![]() | ||
Quantile regression is a type of regression analysis used in statistics and econometrics. Whereas the method of least squares results in estimates that approximate the conditional mean of the response variable given certain values of the predictor variables, quantile regression aims at estimating either the conditional median or other quantiles of the response variable.
Contents
- Advantages and applications
- Mathematics
- History
- Quantiles
- Example
- Intuition
- Sample quantile
- Conditional quantile and quantile regression
- Computation
- Asymptotic properties
- Equivariance
- Scale equivariance
- Shift equivariance
- Equivariance to reparameterization of design
- Invariance to monotone transformations
- Bayesian methods for Quantile Regression
- Censored Quantile Regression
- Implementations
- References
Advantages and applications
Quantile regression is desired if conditional quantile functions are of interest. One advantage of quantile regression, relative to the ordinary least squares regression, is that the quantile regression estimates are more robust against outliers in the response measurements. However, the main attraction of quantile regression goes beyond that. Different measures of central tendency and statistical dispersion can be useful to obtain a more comprehensive analysis of the relationship between variables.

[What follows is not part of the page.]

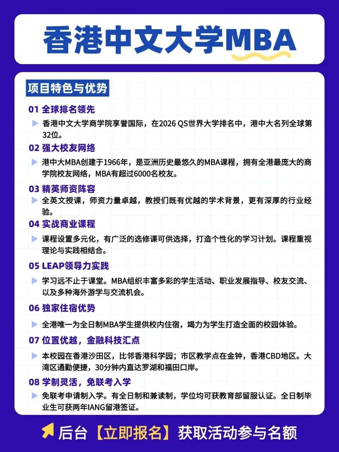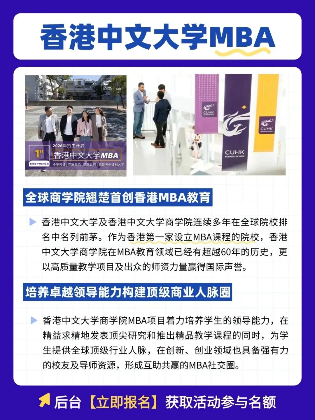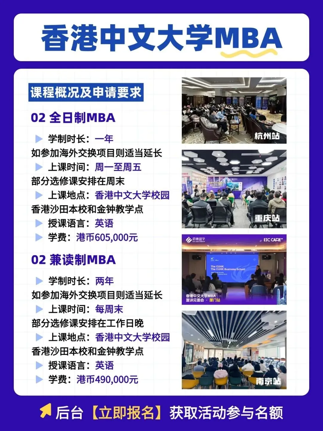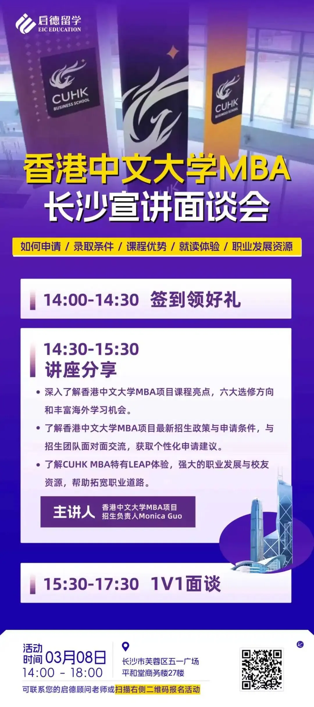 想冲刺亚洲顶尖MBA?想与招生官1V1定制申请方案?香港中文大学MBA武汉宣讲见面会来了!🔥3月8日,招生负责人亲临长沙,带你深度解析:✅ 六大选修方向与海外交换机会✅ 最新录取政策与申请条件✅ LEAP领导力实践与校友资源✅ 现场面谈,还能免MBA项目申请费!📅 时间:3月8日 14:00-18:00📍 地点:长沙市芙蓉区五一广场平和堂商务楼27楼

In ecology, quantile regression has been proposed and used as a way to discover more useful predictive relationships between variables in cases where there is no relationship or only a weak relationship between the means of such variables. The need for and success of quantile regression in ecology has been attributed to the complexity of interactions between different factors leading to data with unequal variation of one variable for different ranges of another variable.
Another application of quantile regression is in the areas of growth charts, where percentile curves are commonly used to screen for abnormal growth.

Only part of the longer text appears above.